NIA questions over 20 persons in probe of ‘ISIS Maha module’

NIA questions over 20 persons in probe of ‘ISIS Maha module’

The National Investigation Agency (NIA) on Monday questioned more than 20 persons from Thane, Mumbai and Bangalore as part of its crackdown on the alleged Maharashtra module of the proscribed terror organisation, ISIS (Islamic State of Iraq and Syria). The persons were summoned “on suspicion”, said an NIA official.

Among those questioned was Areeb Majeed, a resident of Kalyan, who in 2014 had allegedly gone to Syria to join ISIS. Majeed returned to India in November 2014, after which he was arrested by the NIA. He is currently out on bail.

On Saturday, the agency had conducted searches at 44 locations in Maharashtra and Karnataka and arrested 15 persons from Padgha in Thane district for allegedly indulging in terror acts for ISIS. It said it had found weapons, cash, digital devices and flags of Hamas during the searches carried out in Padgha, Thane, Kalyan, Mira Road and Pune in Maharashtra, and Bengaluru in Karnataka.

The agency also revealed that it had arrested Mohammed Saquib Abdul Hamid Nachan alias Raveesh alias Saquib alias Khalid, the main accused and the self-declared leader of the group of arrested persons. Nachan had allegedly assumed the rights of administering ‘bayath’ (the path of alliance towards the Khalifa of ISIS) to persons joining the proscribed organisation, said police officials familiar with the investigations.

Nachan was convicted in the 2002-2003 blasts at Mumbai Central railway station, Vile Parle and Mulund under the Prevention of Terrorism Act and was sentenced to ten years’ imprisonment. After he was released, he settled down in Padgha again.

The agency claimed that the accused were operating on the directions of their foreign handlers and had been actively involved in various terrorist activities, including fabrication of IEDs, “to further the violent and destructive agenda of ISIS”. The accused are all allegedly members of the ISIS Maharashtra module and were operating from Padgha, Thane and Borivali areas, where they had “hatched a conspiracy to spread terror and violence across India”, said an NIA officer.
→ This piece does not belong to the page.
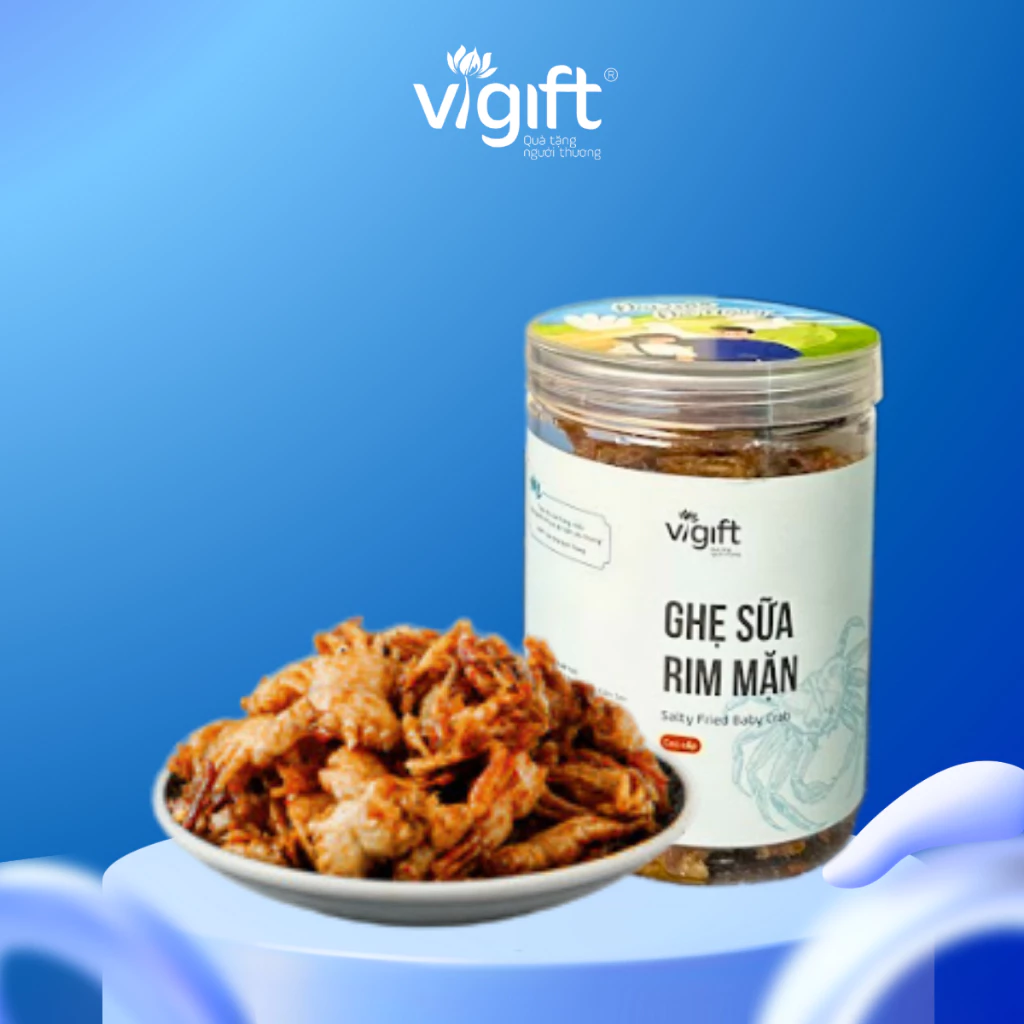 Ghẹ sữa rim mặn Vigift có vị ngọt tự nhiên của ghẹ sữa, vị mặn tinh tế của rim, tạo nên một hương vị đậm đà khó cưỡng. Sản phẩm này rất phù hợp để làm quà tặng hoặc để thưởng thức trong gia đình.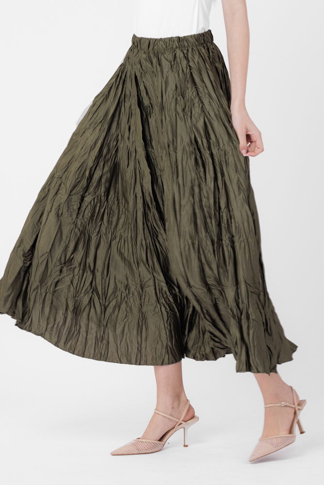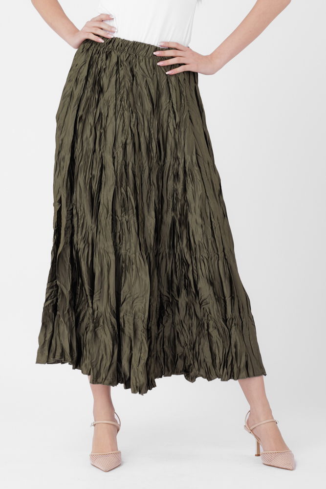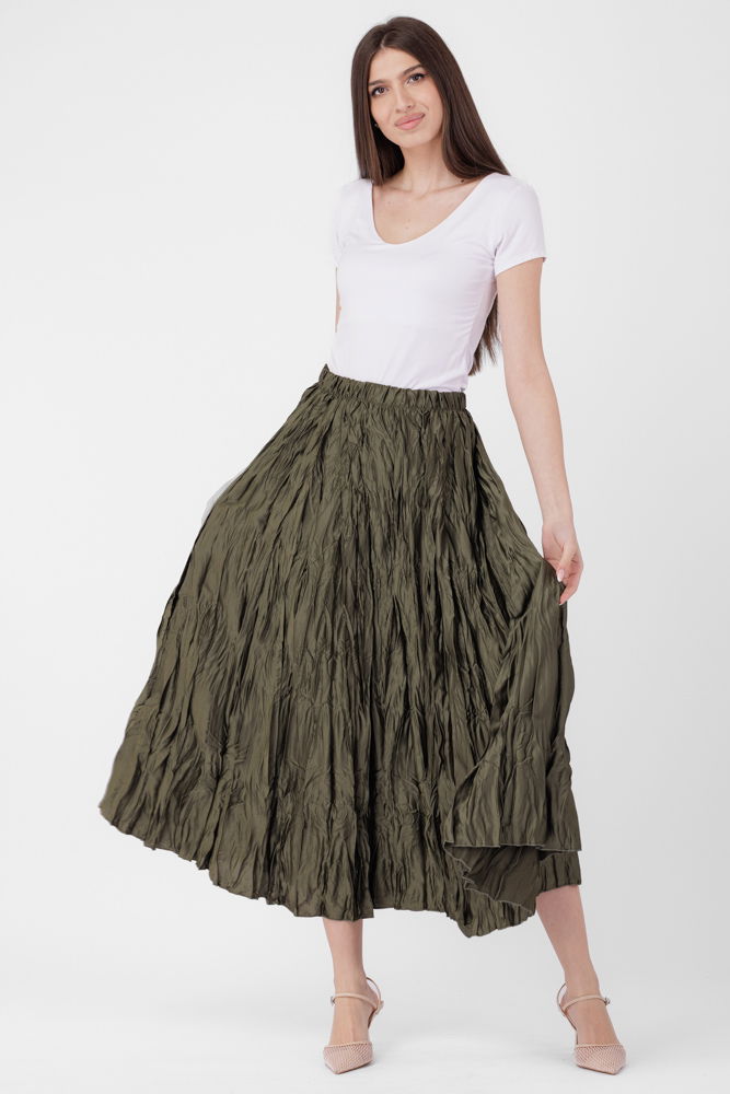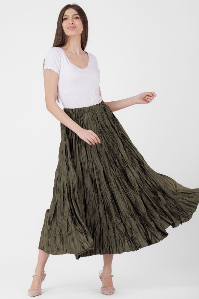 Fusta lunga, ampla, creponata, lucios-satinata, kaki

“Pursuing the path of violent jihad and khilafat, the accused had aimed to disturb the peace and communal harmony of the country and wage a war against the Government of India,” he claimed. “Preliminary investigations have revealed that they had declared the village of Padgha in rural Thane as a ‘liberated zone’ and as ‘Al Sham’. They were motivating impressionable Muslim youth to relocate to Padgha in order to strengthen the Padgha base.”